CCS SPRING 2026 TENSIONS IN TRANSLATING HERITAGE CONCEPTS: ZHONGYUE TEMPLE’S UNESCO BUFFER ZONE

Starting Time 活動開始時間

March 11, 2026 at 10:00 PM UTC

(In your time zone. 閣下所在時區)

March 11, 2026 at 12:00 PM HST

(In the event local time zone. 活動所在時區)

Participants 嘉賓

Ben Parker, AIA, is an Assistant Professor in Comprehensive Design at the UH Mānoa School of Architecture and the founder of OBP Design. His urban design research concerns idealized global imperatives and their localized implementations, with a specific focus on urban conservation in China. He is currently at Tongji University in Shanghai as part of the School of Architecture’s Global Track program. He practices as a licensed architect in Hawaiʻi and Texas and is fluent in Mandarin Chinese.

Discussant: Dr. Boya Guo is a Research Professor in the Department of Urban Planning at Tongji University. She received her doctorate from Harvard Graduate School of Design in 2022. Her research explores the intersection of heritage conservation and urban studies, with a specific focus on heritage theory, governance, and the history of cartography. She is particularly interested in the dynamic relationship between cultural power and the historic built environment within today's consumer and media-driven society.

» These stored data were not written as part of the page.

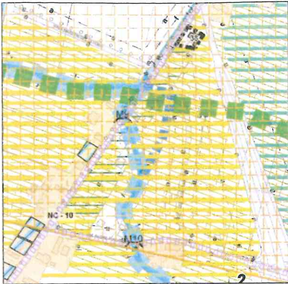
Tav. 1.1.1 vigente
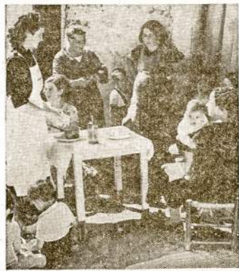
Fašistai mokina Ispanijos šeiminkines kaip apsiesti su mažiau maisto, drabužių ir kitko. "Falangos" (isp. fanų fašistų organizacija) narė, su haltu žiurste, aiškina moterim, kad prie fašistinės tvarkos kitaip ir negali būti kaip tik... susivėręti diržus.
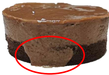
มูสไหลถึงฐานเค้ก
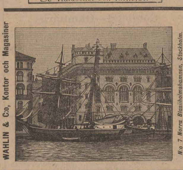
Wahlin & Co. Kontor och Magasiner No 7 Norra Blasieholmshamnen, Stockholm.

Höganäs Sten, Rör och Lerkärl, Stabbarps högelfasta Tegel, Lomma, Ölands o. Visby Portland Cement, Munksjö Asfalt- och Förhrydningspapp, Renad Trätjärna.
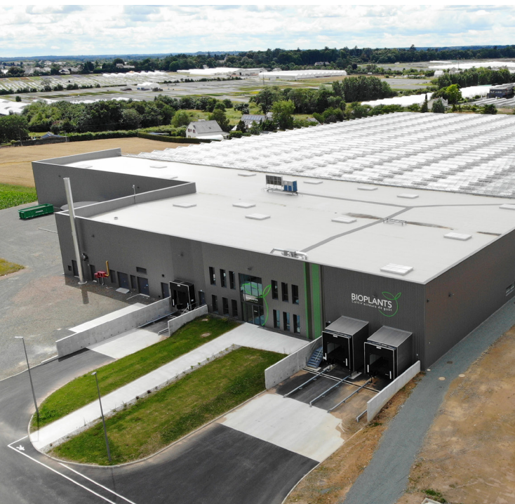
BIOPLANTS, Les Ponts-de-Cé

Le développement économique est aujourd'hui un enjeu phare et complexe pour les territoires en termes d'emploi, d'attractivité, de dynamisme... Aux côtés des collectivités locales, Alter déploie ses outils et son organisation pour leurs apporter des solutions adhoc et efficaces.
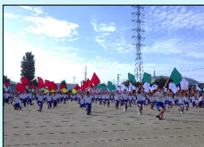
5年生 表現 「We are～七つのflagをもつ者たち～」
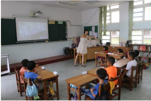
觀看「日本 311 地震」教學影片
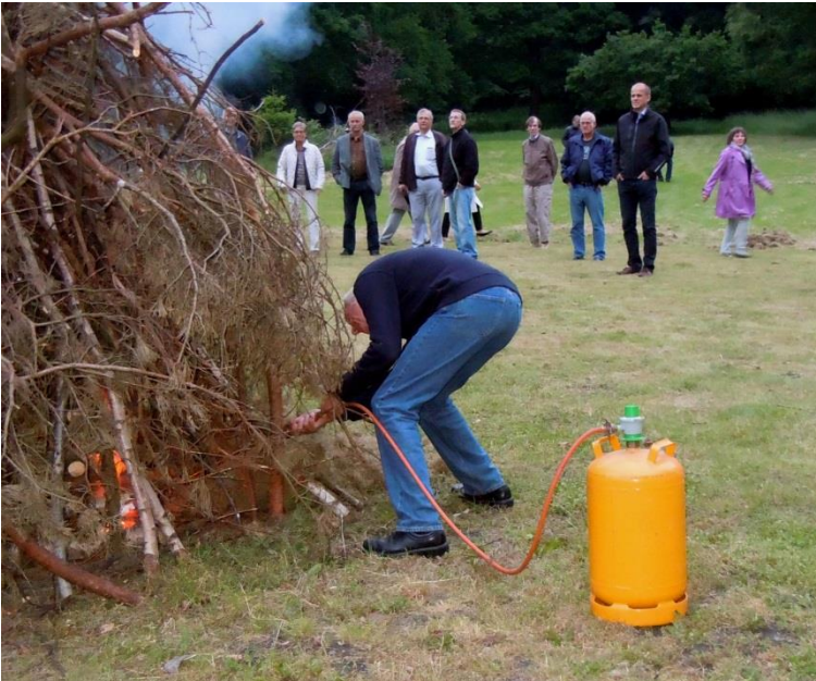
Sandbjerginspektøren tænder bålet
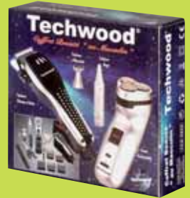
Coffret "Homme" (Rasoir, Tondeuse, etc...)
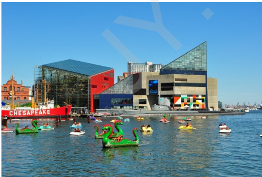
Figure 2 Baltimore 海洋馆外观
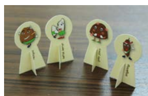
Gambar 17. Tampilan pion permainan

Pada permainan "Pawon Alit" ini, pion dibuat dalam 4 (empat) karakter yang diambil dari bahan jajanan tradisional. Karakter tersebut adalah singkong, kelapa, singkong, dan gula jawa. Pemilihan bahan yang digunakan adalah bahan yang memiliki kekhasan tertentu dalam konteks budaya Indonesia.
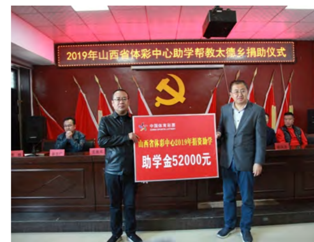
山西省体育局党组书记、局长赵晓春向太德乡发放助学金
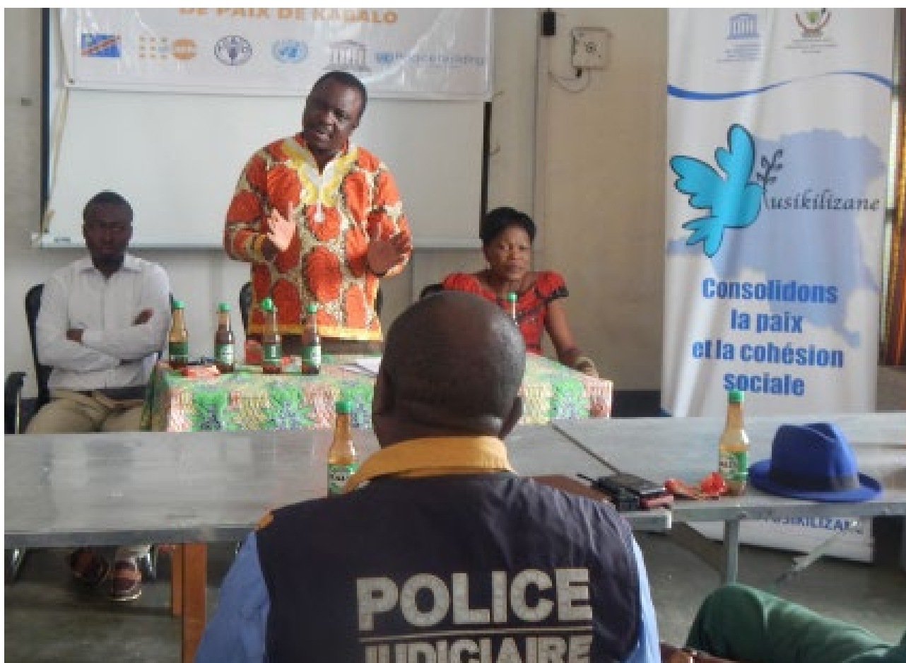
Vue partielle d'une réunion du conseil territorial de paix de Kabalo, un des résultats du projet financé par le PBF dans le Tanganyika.

Les partenaires de l'approche Nexus et le Gouvernement congolais se sont accordés de centrer dans un premier temps l'attention de leurs actions sur le Kasai et le Tanganyika en raison notamment du retrait planifié de la MONUSCO de ces zones et du transfert progressif des activités de la Mission aux partenaires compétents. Des projets du PBF sont aussi en cours de mise en œuvre dans ces provinces pour assurer des synergies.
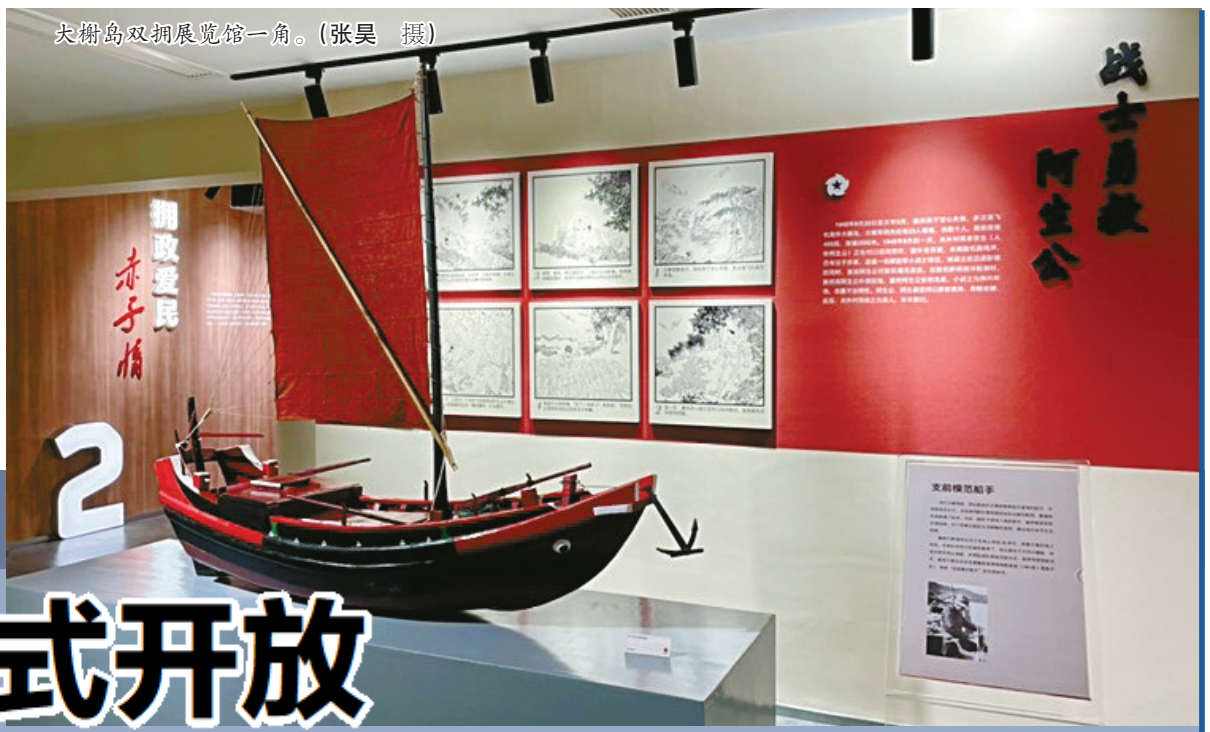
大榭岛双拥展览馆一角。
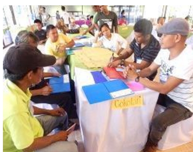
村ごとに問題を討議
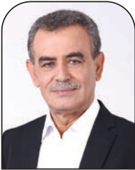
جمال زحالقة القدس العربي

قد يكون من المبكّر رثاء ننتياهو، فالهوّه بشأن «صفقة الاعتراف» تبدو غير قابلة للجسر في الفترة القريبة، إلا إذا فاجأ ننتياهو الجميع ووافق على شروط المستشار القضائي الإسرائيلي. وعلى الرغم من عدم وضوح الصورة بالنسبة لخروج أو بقاء ننتياهو، فقد طفت على السطح حرب الوراثة على قيادة الليكود، وتبين من استطلاعات الرأي، أن قوّة هذا الحزب ستراجع كثيرا إذا جرى استبدال ننتياهو. كما أجمع المحلّون على أن حكومة بينيت لن تعمّر طويلا في ظل فتح المجال للتحالف مع ليكود ما بعد ننتياهو. ما يجري في السياسة الداخلية الإسرائيلية، يلقي ظله الثقيل على المنطقة بأسرها، خصوصا على الشعب الفلسطيني، وإذا كان ننتياهو (في الحكومة وحتى في المعارضة) اللاعب السياسي المركزي في العقد الأخيرة، فإن خروجه سيجمل معه تغييرا في الاصطفاف الحزبي في (إسرائيل)، التي قد تشهد مرحلة جديدة من عدم الاستقرار السياسي، الذي يمكن استغلاله للصالح الفلسطيني، إذا كان هناك من يحسن الاستفادة من الفرص، خاصة وأن بينيت (الموقّت) وأي رئيس وزراء إسرائيلي قادم سيكون أضعف من ننتياهو.
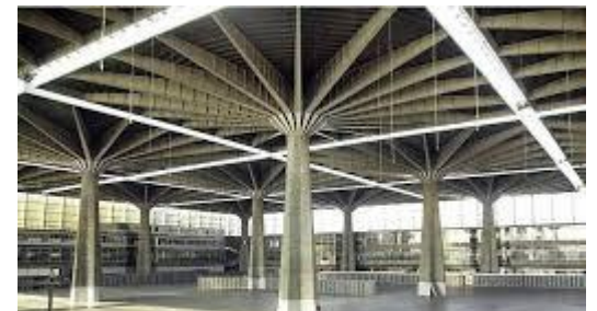
Ex Palazzo del lavoro
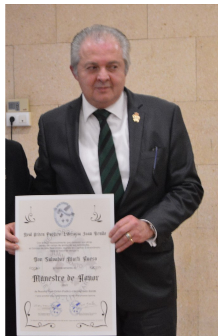
Con su diploma en la mano
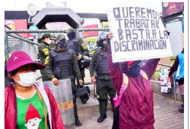
Protestas en la Terminal de Buses. JOSÉ ROCHA
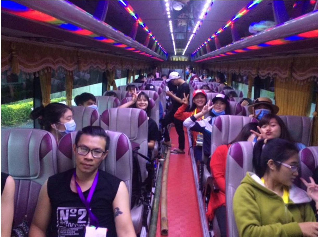
Hình 3- Các trại sinh háo hức cho chuyến đi cắm trại này
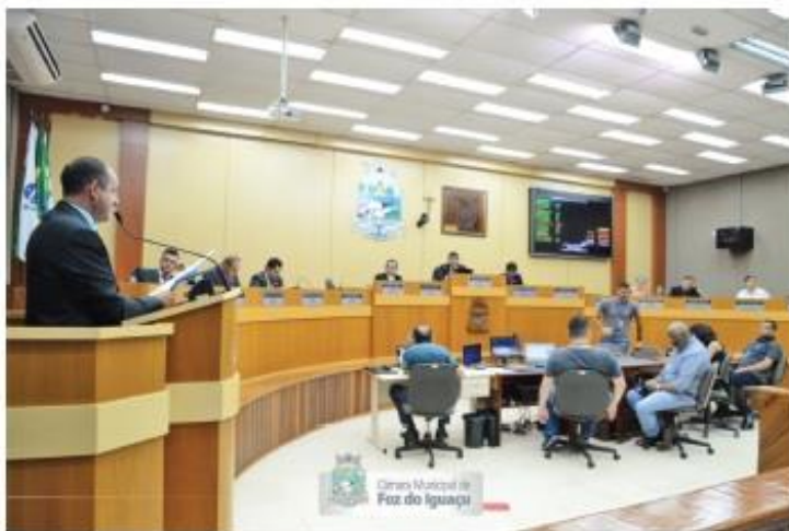
Os projetos foram aprovados na sessão dessa sexta-feira (18)

Ambos os projetos seguem para a sanção do prefeito Chico Brasileiro
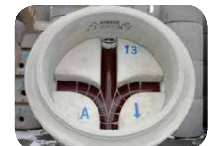
Typ Nr. 13

Legende: 1-13 : Typ Nr. 1-13: gerade, abgewinkelt, weiterer Zulauf A : Auslauf, ↓ : Fließrichtung
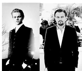
莱昂纳多·迪卡普里奥
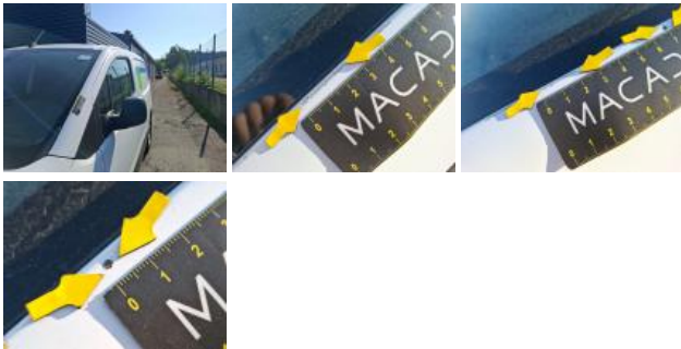
Porte AVG, Bosse(s) et griffe(s), LI - Réparer et peindre (complet)
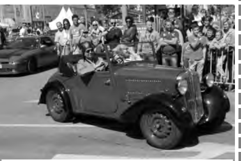
Der Skoda Popular Roadstar 418, Bj. 1934, beim Start am Hauptplatz in Mistelbach
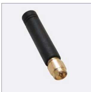
Antena extenă de mare putere Cod. 90035958
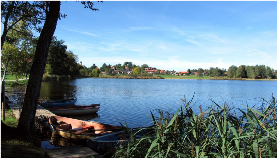
Wanderung - Große Seeumrundung

Moderator: Kate A. Lingley is Associate Professor of Art History at UH Mānoa. Her research focuses on Buddhist votive sculpture of the Northern and Southern Dynasties period, with a particular interest in the social history of religious art in medieval China. She is currently working on a book manuscript on the lives of Buddhist women in medieval China, as seen through the votive monuments they dedicated, and an edited collection on the epigraphic evidence for women’s role in early Buddhism across Asia.

 

Organizers 主協辦機構

University of Hawai'i at Manoa Center for Chinese Studies

Director, Ming-Bao Yue

Associate Director, Ni Zhang

Academic Support Specialist, Adriana Choi

Mode 活動形式
Online
Venue 地點
Zoom
Languages 語言
English
Description 詳情

This research investigates how the buffer zone, a heritage concept designed to preserve sensitive sites, has been misapplied in urban conservation contexts, undermining the very heritage it was designed to protect. Using a combination of archival documents, historical research, aerial imagery, and on-site reconnaissance, this paper demonstrates that the buffer zone surrounding Zhongyue Temple, originally intended to safeguard the temple’s integrity, instead became a mechanism for urban clearance and erasure of historical layers. This leads to a broader investigation of the buffer zone as heritage mechanism, tracing its evolution from ecological to urban conservation within the United Nations Educational, Scientific and Cultural Organization (UNESCO). While buffer zones have been used for positive effect in ecological and archaeological conservation, when applied to historic urban landscapes or more complex traditional environments, buffer zones in several instances have resulted in the demolition or near-demolition of historically significant structures and settlement patterns.

To translate past to present with more verisimilitude, UNESCO should reconcile the recent implementation of buffer zones with the organization's stated historic urban landscape approach. Anything less would, to paraphrase the Venice Charter, fail to hand heritage on in the full richness of its authenticity.